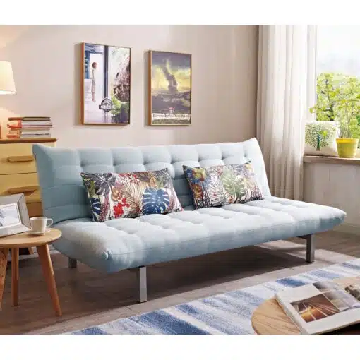 ספה מעוצבת תלת מושבית נפתחת למיטה בבד תכלת
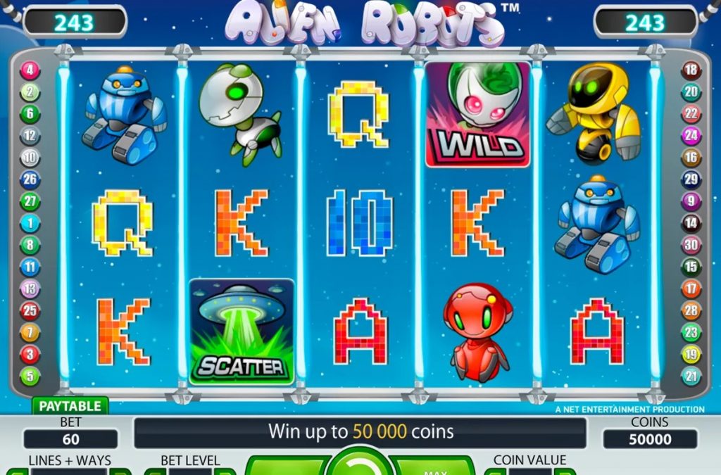 Игровой автомат Alien Robots от NetEnt уносит пользователя в далекое будущее, где миром правят роботы различных размеров и цветов. Некоторые обладают уникальной способностью растягиваться, что позволяет создать больше активных и оплачиваемых цепочек, а другие же запускают бесплатные вращения после своего появления.
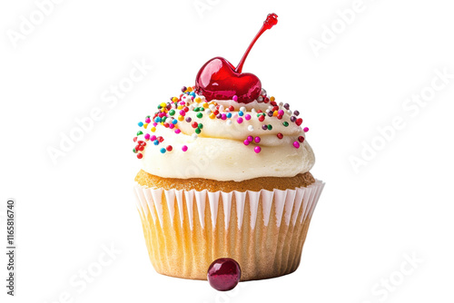 Yummy Cupcake with Decorative Sprinkles Isolated on Transparent Background
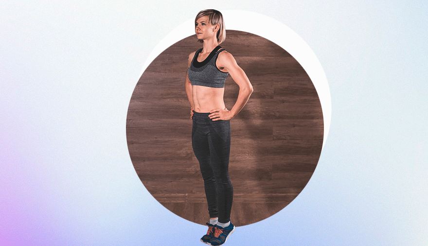 Исходное положение стоя, руки на бедрах. На вдохе поднимись на носки и сохраняй положение в течение 5-10 секунд. Затем вернись в исходное положение и выполни упражнение еще 10 раз.
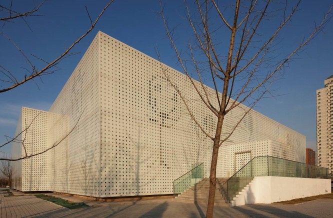 家盒子的外觀,設(shè)計師采用了一個多孔的造型結(jié)構(gòu),為了避免室內(nèi)過熱。同時更傾向于把這個外觀看做一張白紙,利用孔洞大小變化制造出了一系列兒童涂鴉的形狀,并以此來呼應(yīng)主題。使得整個兒童空間的造型設(shè)計非常巧妙、獨特。
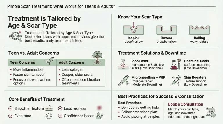 The best pimple scar treatment for teenagers often includes non-invasive options like chemical peels, Pico Laser, or mild microneedling.
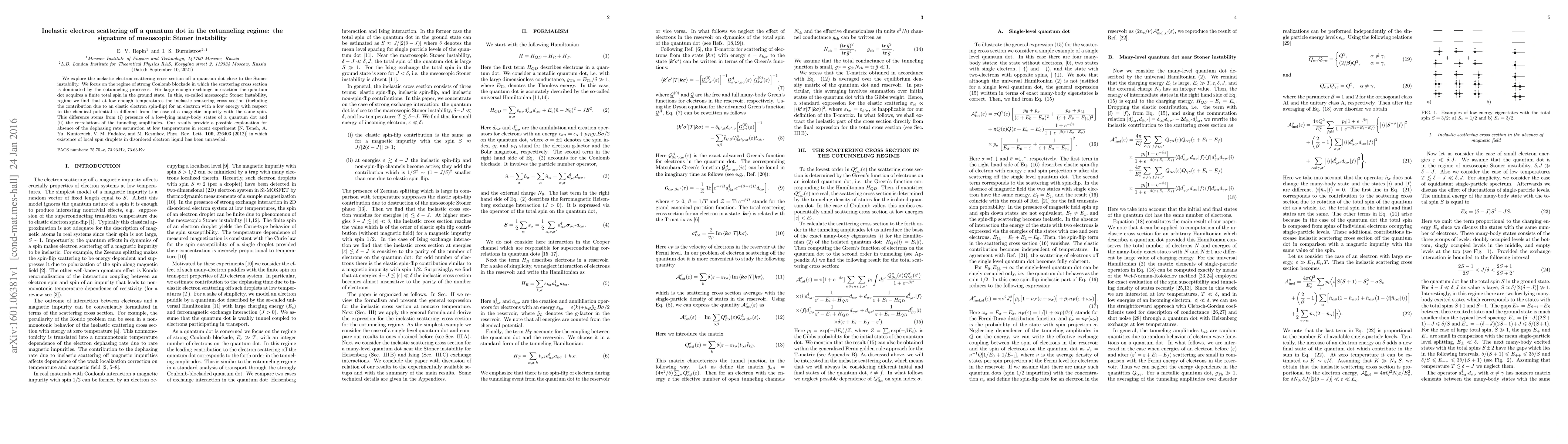We explore the inelastic electron scattering cross section off a quantum dot close to the Stoner instability. We focus on the regime of strong Coulomb blockade in which the scattering cross section is dominated by the cotunneling processes. For large enough exchange interaction the quantum dot acquires a finite total spin in the ground state. In this, so-called mesoscopic Stoner instability, regime we find that at low enough temperatures the inelastic scattering cross section (including the contribution due to an elastic electron spin-flip) for an electron with a low energy with respect to the chemical potential is different from the case of a magnetic impurity with the same spin. This difference stems from (i) presence of a low-lying many-body states of a quantum dot and (ii) the correlations of the tunneling amplitudes. Our results provide a possible explanation for absence of the dephasing rate saturation at low temperatures in recent experiment [N. Teneh, A. Yu. Kuntsevich, V. M. Pudalov, and M. Reznikov, Phys. Rev. Lett. 109, 226403 (2012)] in which existence of local spin droplets in disordered electron liquid has been unraveled.
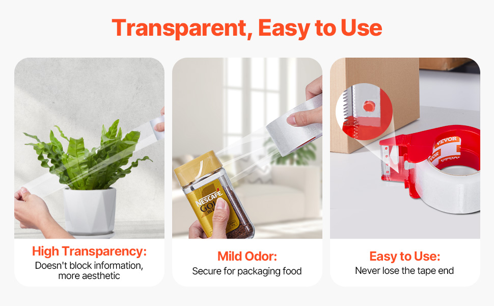 Naša odolná baliaca páska poskytuje vynikajúcu priehľadnosť, vďaka čomu zostanú vaše štítky a informácie viditeľné. Je bezpečná a bez zápachu pre príjemnejšie balenie. V spojení s dávkovačom zefektívňuje balenie bez obáv, že pri začatí balenia stratíte koniec pásky.
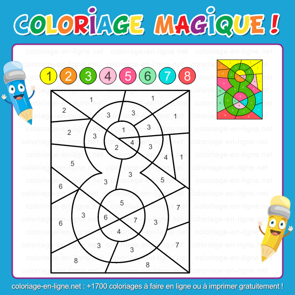 Le coloriage magique en ligne permet de jouer directement sur écran, de manière rapide et ludique. La version coloriage à imprimer est idéale pour profiter d'un moment plus calme avec des crayons ou des feutres. Une façon amusante de faire connaissance avec le chiffre 8, de le mémoriser plus facilement et de remplir la page de couleurs éclatantes.
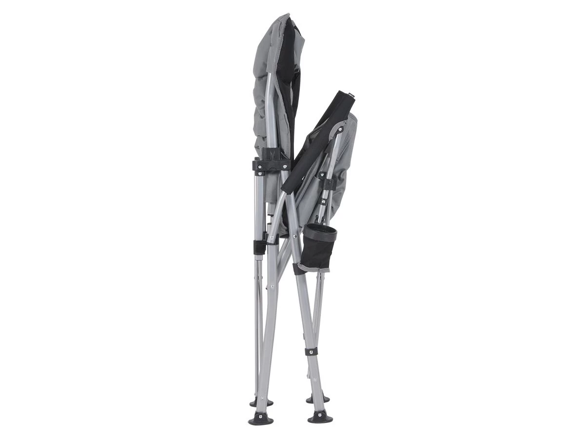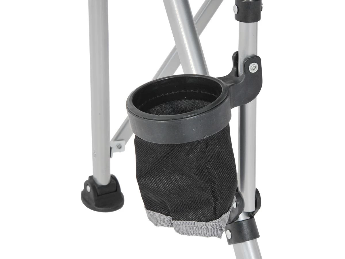 De rugleuning van de Travel staat in een hoek van ongeveer 120 graden, waardoor je altijd iets achterover ligt. En om het genieten niet te hoeven verstoren is de stoel uitgerust met een praktische bekerhouder aan de rechterkant van het frame. Zo heb je altijd je drankje binnen handbereik.
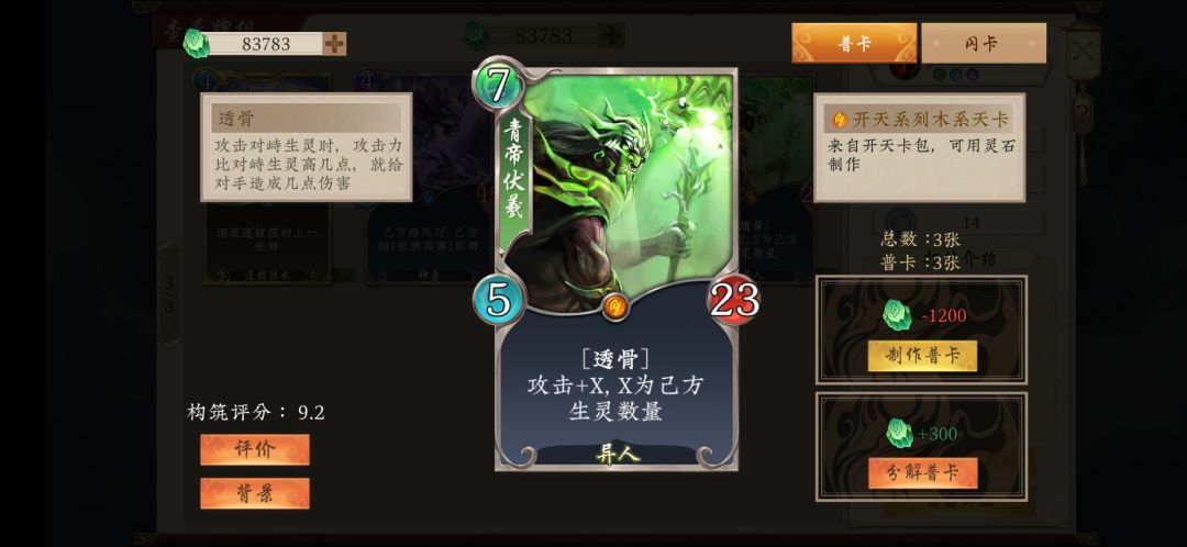 9.青帝伏羲,核心单卡,是套牌的名称由来。一切的掘坟体系都是围绕着其来展开的,同时也是这套牌的主攻生灵。其优势在于,在场上达到僵持状态时,即双方都铺满六个生灵后,其透骨能力使得你仍可以持续对对手造成高额伤害,使得场面虽然看似势均力敌,但实际的效果却是你占据了绝对优势。
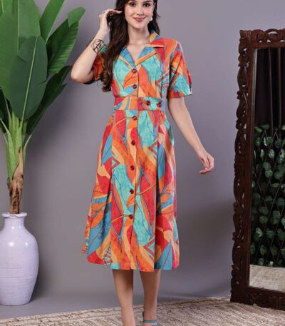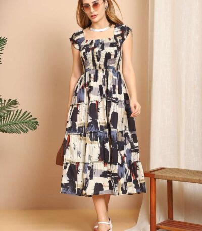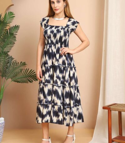 Women’s Viscos Rayon Printed Off Shoulder Midi Dress For Summer And Casual Wear
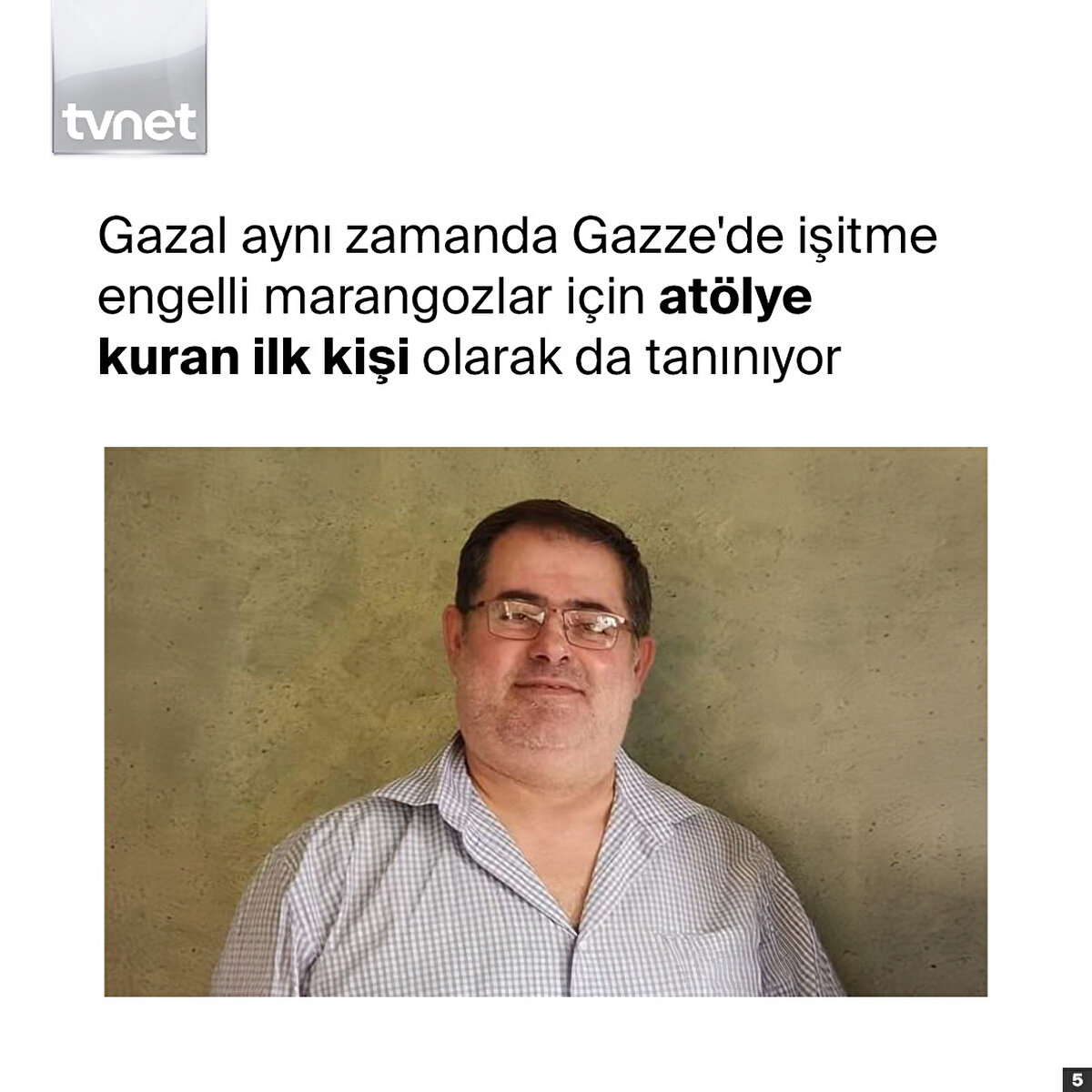 engelli haklarının savunuculuğunu yapan Gazel, Gazze'de 'sağırların manevi babası' olarak biliniyordu. 1966'da doğan Gazel, Gazze'de bulunan Atfaluna Sağır Çocuklar Derneği'nde el sanatları atölyelerinin önde gelen organizatörlerinden biriydi .

═══

Your objective » Apart from the pictures, write every entry out again exactly.

Expected answer »
 ספה מעוצבת תלת מושבית נפתחת למיטה בבד תכלת
 Игровой автомат Alien Robots от NetEnt уносит пользователя в далекое будущее, где миром правят роботы различных размеров и цветов. Некоторые обладают уникальной способностью растягиваться, что позволяет создать больше активных и оплачиваемых цепочек, а другие же запускают бесплатные вращения после своего появления.
 Yummy Cupcake with Decorative Sprinkles Isolated on Transparent Background
 Исходное положение стоя, руки на бедрах. На вдохе поднимись на носки и сохраняй положение в течение 5-10 секунд. Затем вернись в исходное положение и выполни упражнение еще 10 раз.
 家盒子的外觀,設(shè)計師采用了一個多孔的造型結(jié)構(gòu),為了避免室內(nèi)過熱。同時更傾向于把這個外觀看做一張白紙,利用孔洞大小變化制造出了一系列兒童涂鴉的形狀,并以此來呼應(yīng)主題。使得整個兒童空間的造型設(shè)計非常巧妙、獨特。
 The best pimple scar treatment for teenagers often includes non-invasive options like chemical peels, Pico Laser, or mild microneedling.
We explore the inelastic electron scattering cross section off a quantum dot close to the Stoner instability. We focus on the regime of strong Coulomb blockade in which the scattering cross section is dominated by the cotunneling processes. For large enough exchange interaction the quantum dot acquires a finite total spin in the ground state. In this, so-called mesoscopic Stoner instability, regime we find that at low enough temperatures the inelastic scattering cross section (including the contribution due to an elastic electron spin-flip) for an electron with a low energy with respect to the chemical potential is different from the case of a magnetic impurity with the same spin. This difference stems from (i) presence of a low-lying many-body states of a quantum dot and (ii) the correlations of the tunneling amplitudes. Our results provide a possible explanation for absence of the dephasing rate saturation at low temperatures in recent experiment [N. Teneh, A. Yu. Kuntsevich, V. M. Pudalov, and M. Reznikov, Phys. Rev. Lett. 109, 226403 (2012)] in which existence of local spin droplets in disordered electron liquid has been unraveled.
 Naša odolná baliaca páska poskytuje vynikajúcu priehľadnosť, vďaka čomu zostanú vaše štítky a informácie viditeľné. Je bezpečná a bez zápachu pre príjemnejšie balenie. V spojení s dávkovačom zefektívňuje balenie bez obáv, že pri začatí balenia stratíte koniec pásky.
 Le coloriage magique en ligne permet de jouer directement sur écran, de manière rapide et ludique. La version coloriage à imprimer est idéale pour profiter d'un moment plus calme avec des crayons ou des feutres. Une façon amusante de faire connaissance avec le chiffre 8, de le mémoriser plus facilement et de remplir la page de couleurs éclatantes.
 De rugleuning van de Travel staat in een hoek van ongeveer 120 graden, waardoor je altijd iets achterover ligt. En om het genieten niet te hoeven verstoren is de stoel uitgerust met een praktische bekerhouder aan de rechterkant van het frame. Zo heb je altijd je drankje binnen handbereik.
 9.青帝伏羲,核心单卡,是套牌的名称由来。一切的掘坟体系都是围绕着其来展开的,同时也是这套牌的主攻生灵。其优势在于,在场上达到僵持状态时,即双方都铺满六个生灵后,其透骨能力使得你仍可以持续对对手造成高额伤害,使得场面虽然看似势均力敌,但实际的效果却是你占据了绝对优势。
 Women’s Viscos Rayon Printed Off Shoulder Midi Dress For Summer And Casual Wear
 engelli haklarının savunuculuğunu yapan Gazel, Gazze'de 'sağırların manevi babası' olarak biliniyordu. 1966'da doğan Gazel, Gazze'de bulunan Atfaluna Sağır Çocuklar Derneği'nde el sanatları atölyelerinin önde gelen organizatörlerinden biriydi .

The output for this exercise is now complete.